§ **PROBLEM DESCRIPTION**
Your output must be the lines below from the line containing "Setting up and" to the line containing "Heather Red Sweatshirt", both lines included, reproduced exactly and without pictures.

§ **GIVEN DATA**
++++++++
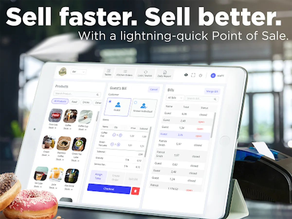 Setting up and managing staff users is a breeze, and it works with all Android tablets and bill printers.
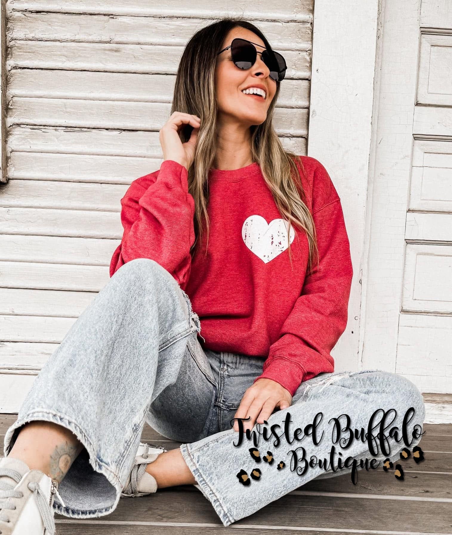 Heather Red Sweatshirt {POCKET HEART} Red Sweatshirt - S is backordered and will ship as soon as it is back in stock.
++++++++
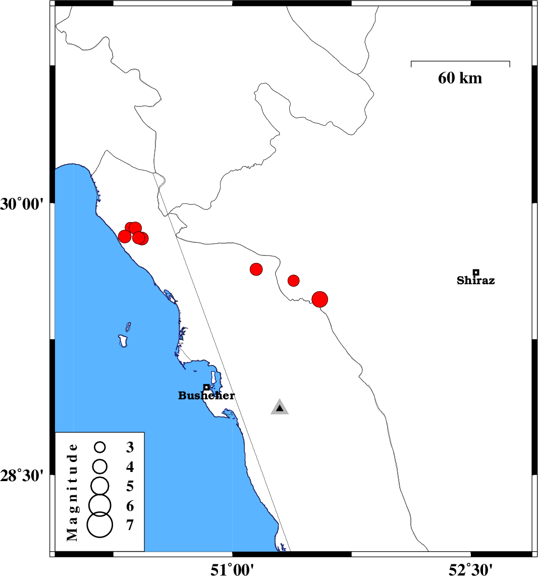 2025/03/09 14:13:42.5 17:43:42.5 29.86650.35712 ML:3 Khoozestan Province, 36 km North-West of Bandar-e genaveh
++++++++
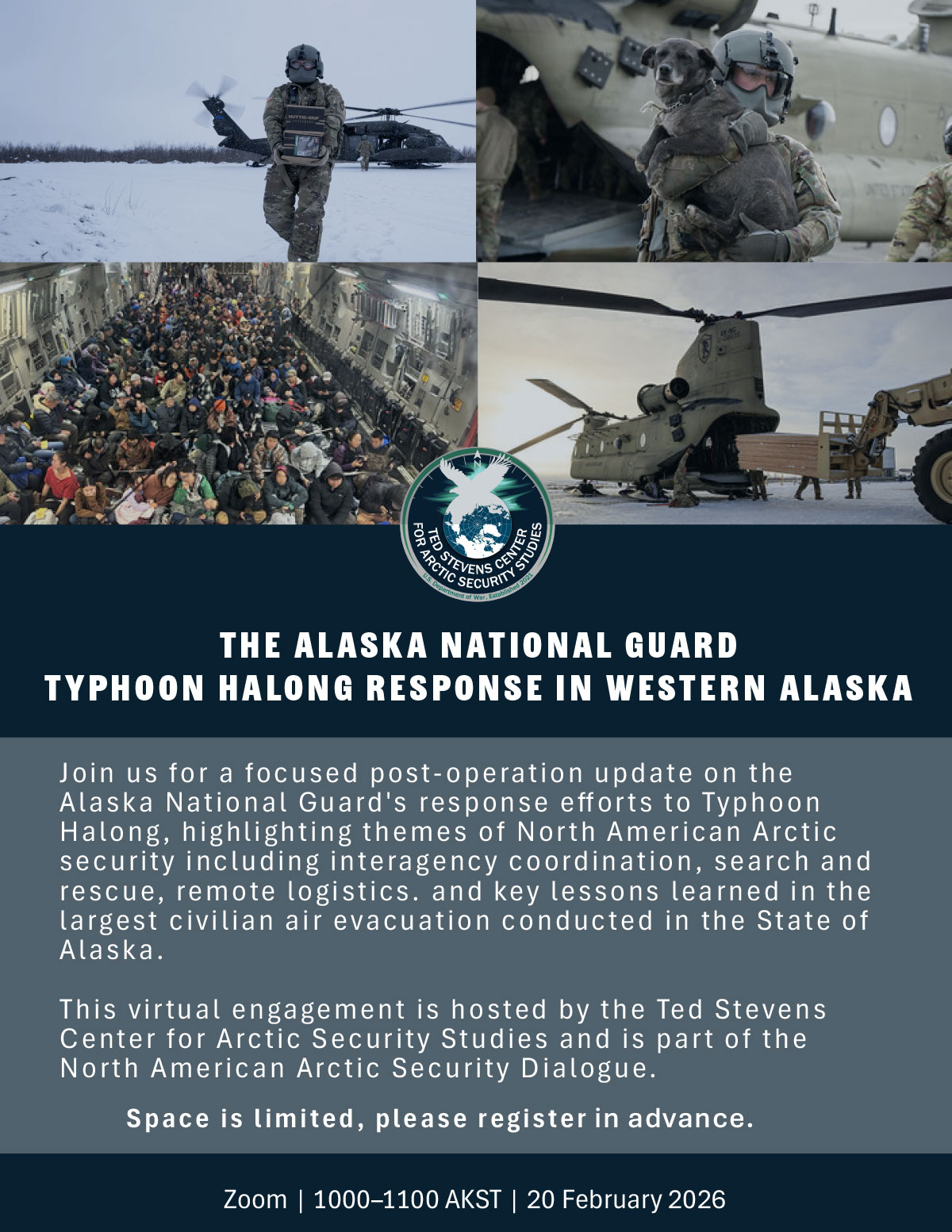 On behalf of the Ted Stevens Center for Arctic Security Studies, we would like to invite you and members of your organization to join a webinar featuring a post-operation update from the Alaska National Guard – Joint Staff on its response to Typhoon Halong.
++++++++
§ **RESULT**
 Setting up and managing staff users is a breeze, and it works with all Android tablets and bill printers.
 Heather Red Sweatshirt {POCKET HEART} Red Sweatshirt - S is backordered and will ship as soon as it is back in stock.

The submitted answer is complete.